The Oil and Gas Situation: Reviewing 6 Predictions
As Q1 2019 comes to a close, it is time to review the status of some predictions I made here the day after Christmas for what we would see during the first half of 2019. Accurately gauging where the industry will be several months into the future is always a crap shoot, and as usual, I find myself feeling glad I didn’t go out and bet the farm on any of these.
First, let’s look at what I had to say about the domestic rig count as calculated by the folks at DrillingInfo:
…my first prediction is that we will see a gradual fall in the domestic U.S. rig count throughout the first half of 2019. Indeed, the DrillingInfo Daily Rig Count already fell by about 3% during December, from 1160 to 1120 on December 25. I’m betting that, by June 30, that measure will be below 1050…
This particular count finished the quarter at 1049, after falling slowly but steadily throughout the first three months of the year. This represents a 9% drop since Christmas day, and there is no real reason to expect this trend to change during the second quarter, with so many upstream companies prioritizing stock buybacks and other programs designed to return capital to investors and lenders over the mad rush to increase production we saw throughout 2017 and the first 8 months of 2018.
A reasonable updated guess would be that we will see the DrillingInfo count fall to right around 1000 by the time June 30 rolls around.
What about crude prices? Here’s what I predicted they would do in Q1:
…my second prediction is that the price for WTI will rise again, but will not exceed $60 during the first half of 2019.
As things turned out, I had the general direction of crude prices right, but underestimated how rapidly they would rise, as WTI closed at $60.14 in Friday’s trading. The basic market dynamics that advocated in December for what has been a 20% recovery in the WTI benchmark remain in place today. Global demand continues to rise more rapidly than all the experts thought it would at the first of the year, and the OPEC-plus nations still maintain pretty strong compliance with their export quotas.
Reinforcing those prevailing dynamics is the fact that U.S. production is not rising as rapidly thus far in 2019 as it did throughout 2018. In fact, the U.S. Energy Information Administration (EIA) announced on Friday that domestic production actually dropped slightly from December to January, the first such drop in month-to-month production in more than half a year. That sadly put the lie to my third prediction, that “the domestic oil and gas industry will continue to set new all-time production records in each of the first six months of 2019.”

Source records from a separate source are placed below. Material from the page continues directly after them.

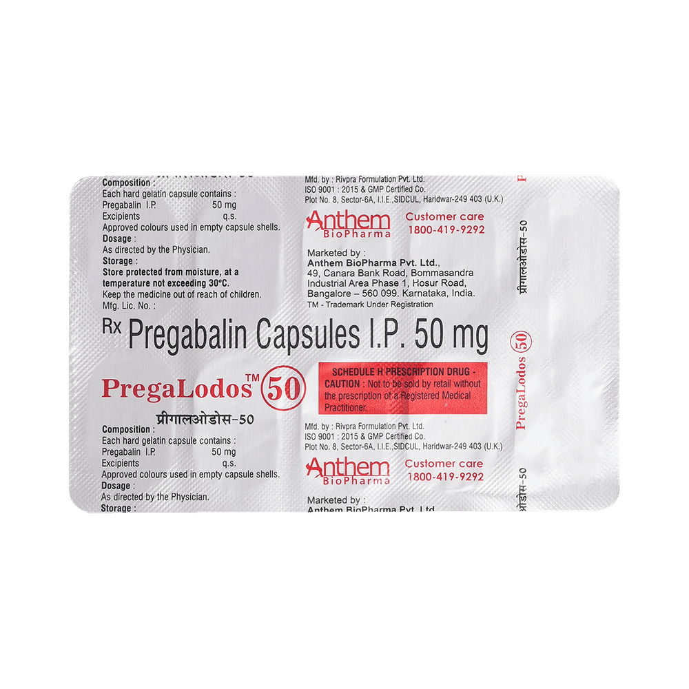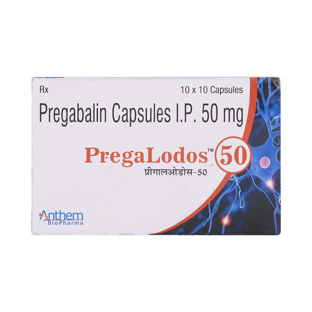 Pregalodos 50mg Capsule is a medicine used to relieve pain caused by nerve damage (neuropathic pain) due to diabetes, shingles (herpes zoster infection), spinal cord injury, or other conditions. It is also used to treat widespread muscle pain and stiffness in people with fibromyalgia. Pregalodos 50mg Capsule belongs to the anti-epileptic group of medicines and can also be used to treat certain types of seizures (fits) in combination with other medicines. Additionally, it may also be prescribed to treat the symptoms of anxiety disorder if other medicines are not suitable.You can take Pregalodos 50mg Capsule with or without food, but it is important to take this medicine at the same time each day to get the most benefit. The exact dose and duration of treatment will depend on your condition and how you respond to it. Your doctor will probably start this medicine at a low dose and increase it gradually. It may take a few weeks for the medicine to work properly. Follow your doctor’s instructions and continue taking it regularly until your doctor advises you to stop. Do not miss any dose, otherwise, your condition may worsen.The side effects of this medicine are usually mild and go away by themselves. The most common ones are feeling sleepy or dizzy, dryness in the mouth, blurred vision, weight gain, edema (swelling over the whole body), and difficulty in concentrating. Most side effects are not serious and do not need medical attention. Talk to your doctor about potential side effects and ways in which you might prevent or cope with them.Before taking the medicine you should tell your doctor if you are pregnant, breastfeeding, or planning to become pregnant. Be careful while driving as sleepiness, dizziness, and blurring of vision may be seen as side effects. You should avoid drinking alcohol along with this medicine as it may lead to excessive sleepiness and dizziness.
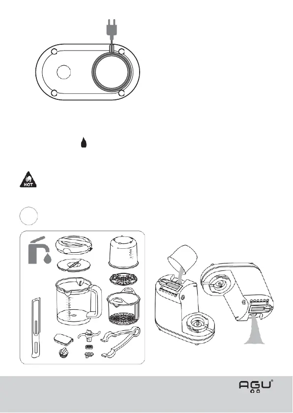 Be careful when opening the lid of the water container – you can burn
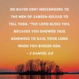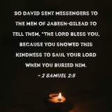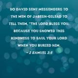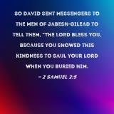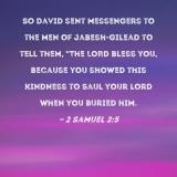 So David sent messengers to the men of Jabesh-gilead to tell them, "The LORD bless you, because you showed this kindness to Saul your lord when you buried him.

If this is the start of a trend, with U.S. production growing at a slower pace as the rig count drops, it will put even more upward pressure on crude prices, obviously. This will be interesting to watch as we enter the time of year when producers are forming up their drilling budgets for the second half of the year.
My next prediction had to do with the booming Permian Basin and its transportation bottleneck:
…my fourth prediction is a no-brainer: The current pipeline capacity bottleneck coming out of the Permian Basin will be resolved by the third quarter of 2019. By the end of 2020, the region will enjoy a significant surplus of pipeline capacity.
In reality, that bottleneck has already been significantly resolved, and we have seen the spread between WTI and the Brent crude price narrow fairly dramatically. After reaching almost $10/bbl, that differential had closed to a little more than $7/bbl as of Friday. We should see it narrow even further as more Permian takeaway capacity comes online over the remainder of 2019.
My fifth prediction in December was a complete no-brainer:
…natural gas prices, after a brief run-up over $4.50/mmbtu in November, will fall back down below $3.00/mmbtu early in 2019 and stay there. I include this one only so that I can be assured of getting at least one prediction right.
The NYMEX benchmark for domestic natural gas closed at $2.66 on Friday, with no real reason to expect it to move significantly in either direction in the coming months. Ugh.
My final prediction from that December 26 piece was that I would inevitably find myself back here on June 30, feeling highly embarrassed about several of the predictions. Three months into the year, it seems I’ve gauged the general direction of the market pretty accurately, but underestimated how rapidly it would change. I’m ok with that.